Your task is to restate word for word the lines in the material below, from the one with "Inbouw regendouche met" up to and including the one with "제니에스는 3중 믹스". Do not carry over the pictures.

Records provided:
■ ■ ■
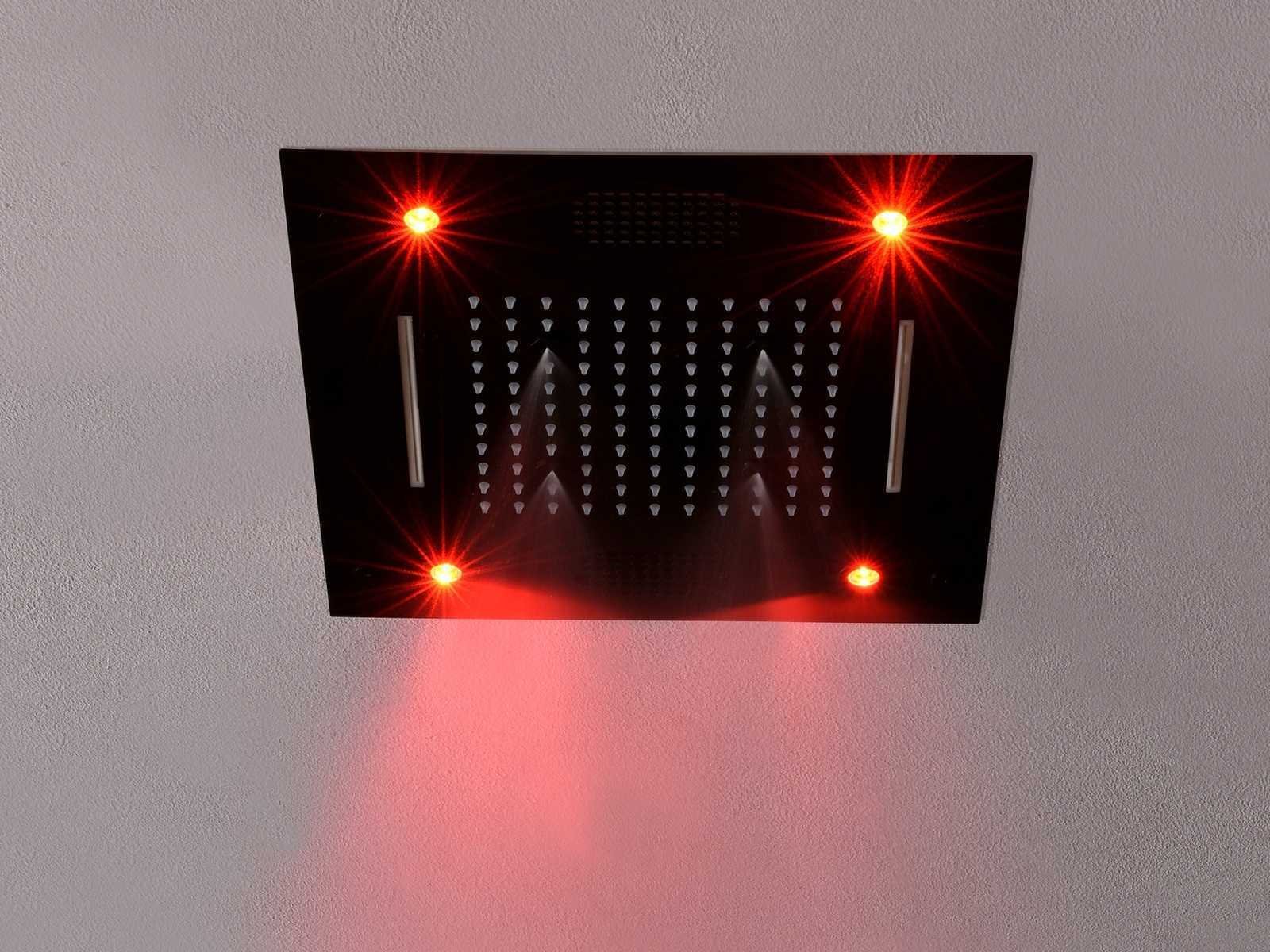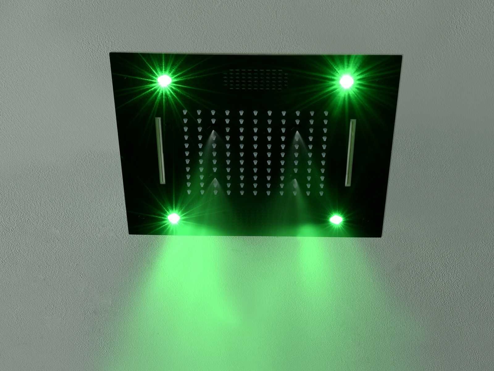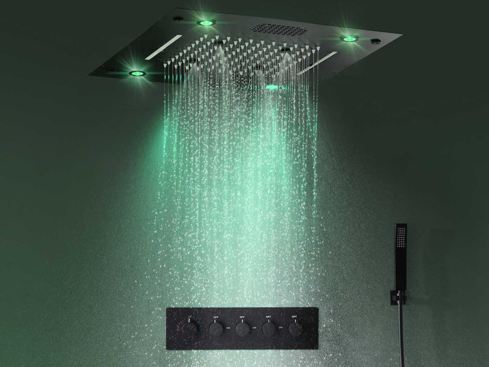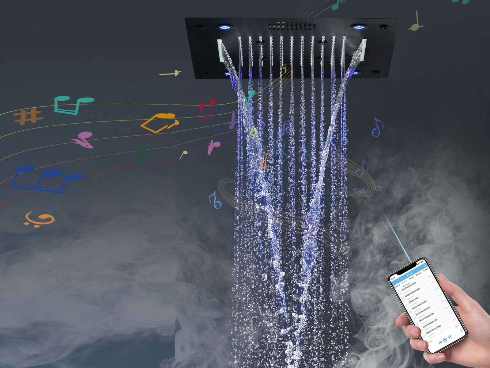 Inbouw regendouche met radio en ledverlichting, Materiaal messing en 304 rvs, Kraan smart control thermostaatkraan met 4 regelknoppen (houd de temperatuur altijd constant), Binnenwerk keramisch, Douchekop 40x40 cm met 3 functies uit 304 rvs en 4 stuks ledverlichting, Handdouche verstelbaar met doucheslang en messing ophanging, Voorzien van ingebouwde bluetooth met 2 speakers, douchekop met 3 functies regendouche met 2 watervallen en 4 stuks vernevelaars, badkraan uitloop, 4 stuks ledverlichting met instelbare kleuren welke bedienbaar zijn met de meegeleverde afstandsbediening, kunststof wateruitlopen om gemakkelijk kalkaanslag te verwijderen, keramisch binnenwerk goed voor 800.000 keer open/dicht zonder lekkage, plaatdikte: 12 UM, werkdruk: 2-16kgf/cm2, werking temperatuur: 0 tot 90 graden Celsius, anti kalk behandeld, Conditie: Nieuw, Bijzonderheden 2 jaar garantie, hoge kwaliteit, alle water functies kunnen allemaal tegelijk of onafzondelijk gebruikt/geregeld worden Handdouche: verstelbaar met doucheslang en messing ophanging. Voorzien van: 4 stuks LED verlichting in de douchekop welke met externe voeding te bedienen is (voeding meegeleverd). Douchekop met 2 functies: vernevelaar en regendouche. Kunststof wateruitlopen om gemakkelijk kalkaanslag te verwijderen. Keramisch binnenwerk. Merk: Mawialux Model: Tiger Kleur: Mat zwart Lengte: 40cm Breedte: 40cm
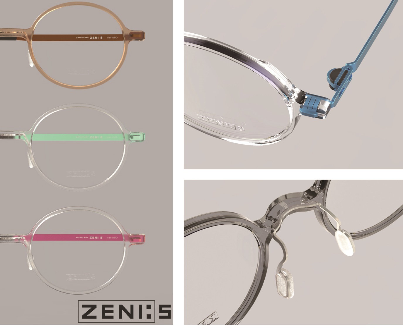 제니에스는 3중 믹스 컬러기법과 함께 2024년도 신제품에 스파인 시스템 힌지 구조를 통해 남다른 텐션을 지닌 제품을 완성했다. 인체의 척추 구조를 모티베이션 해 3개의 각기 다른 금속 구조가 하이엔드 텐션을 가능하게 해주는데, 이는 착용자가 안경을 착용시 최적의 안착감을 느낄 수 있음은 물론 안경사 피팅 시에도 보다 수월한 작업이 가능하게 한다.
■ ■ ■
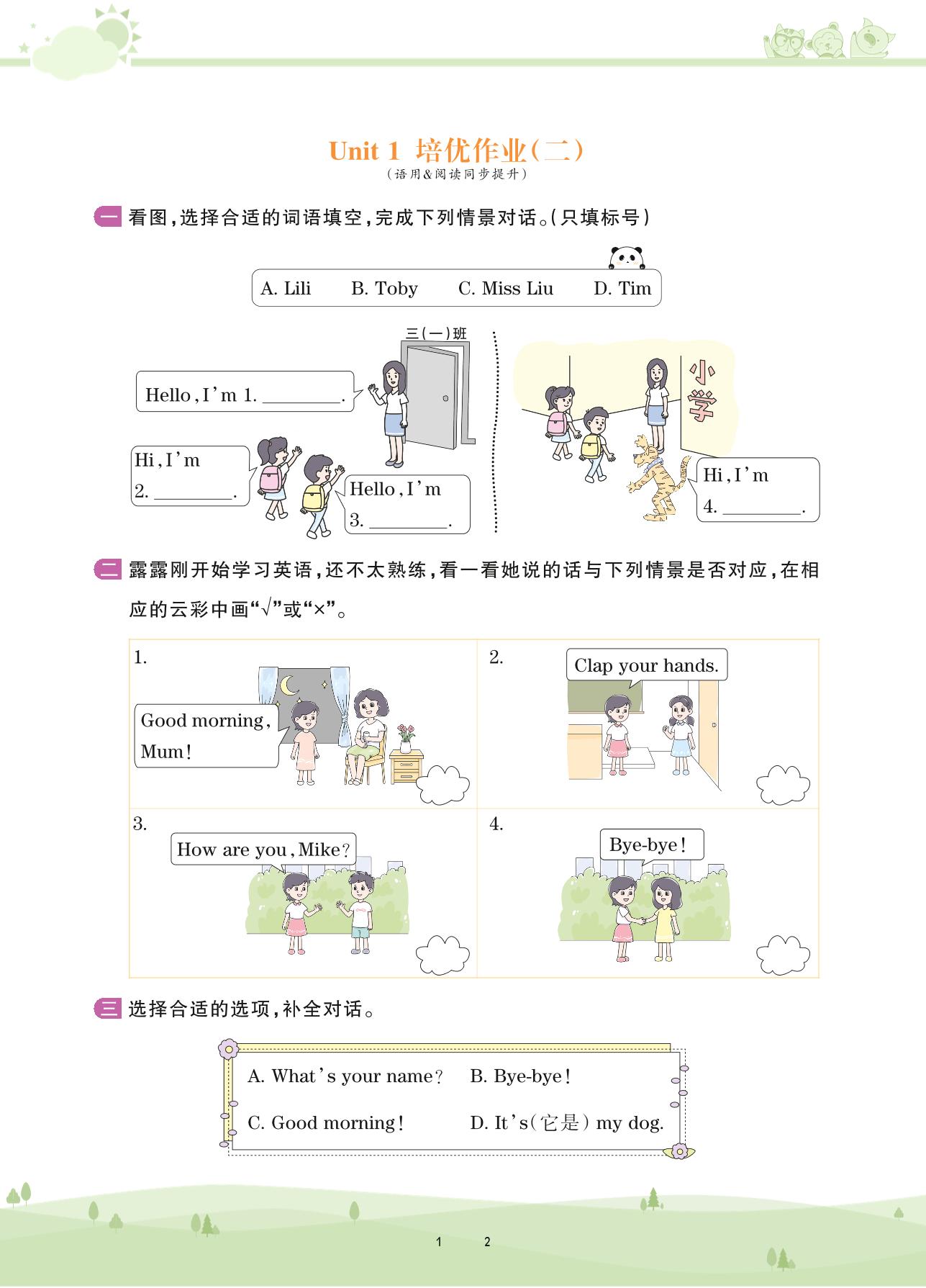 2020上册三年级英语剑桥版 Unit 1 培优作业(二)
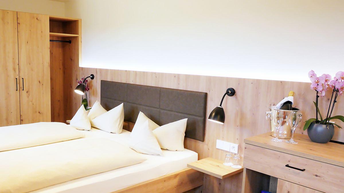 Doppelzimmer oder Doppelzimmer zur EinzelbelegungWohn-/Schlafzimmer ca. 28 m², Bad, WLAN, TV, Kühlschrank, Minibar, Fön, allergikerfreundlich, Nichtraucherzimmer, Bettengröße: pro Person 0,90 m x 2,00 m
■ ■ ■
Answer to the exercise:
 Inbouw regendouche met radio en ledverlichting, Materiaal messing en 304 rvs, Kraan smart control thermostaatkraan met 4 regelknoppen (houd de temperatuur altijd constant), Binnenwerk keramisch, Douchekop 40x40 cm met 3 functies uit 304 rvs en 4 stuks ledverlichting, Handdouche verstelbaar met doucheslang en messing ophanging, Voorzien van ingebouwde bluetooth met 2 speakers, douchekop met 3 functies regendouche met 2 watervallen en 4 stuks vernevelaars, badkraan uitloop, 4 stuks ledverlichting met instelbare kleuren welke bedienbaar zijn met de meegeleverde afstandsbediening, kunststof wateruitlopen om gemakkelijk kalkaanslag te verwijderen, keramisch binnenwerk goed voor 800.000 keer open/dicht zonder lekkage, plaatdikte: 12 UM, werkdruk: 2-16kgf/cm2, werking temperatuur: 0 tot 90 graden Celsius, anti kalk behandeld, Conditie: Nieuw, Bijzonderheden 2 jaar garantie, hoge kwaliteit, alle water functies kunnen allemaal tegelijk of onafzondelijk gebruikt/geregeld worden Handdouche: verstelbaar met doucheslang en messing ophanging. Voorzien van: 4 stuks LED verlichting in de douchekop welke met externe voeding te bedienen is (voeding meegeleverd). Douchekop met 2 functies: vernevelaar en regendouche. Kunststof wateruitlopen om gemakkelijk kalkaanslag te verwijderen. Keramisch binnenwerk. Merk: Mawialux Model: Tiger Kleur: Mat zwart Lengte: 40cm Breedte: 40cm
 제니에스는 3중 믹스 컬러기법과 함께 2024년도 신제품에 스파인 시스템 힌지 구조를 통해 남다른 텐션을 지닌 제품을 완성했다. 인체의 척추 구조를 모티베이션 해 3개의 각기 다른 금속 구조가 하이엔드 텐션을 가능하게 해주는데, 이는 착용자가 안경을 착용시 최적의 안착감을 느낄 수 있음은 물론 안경사 피팅 시에도 보다 수월한 작업이 가능하게 한다.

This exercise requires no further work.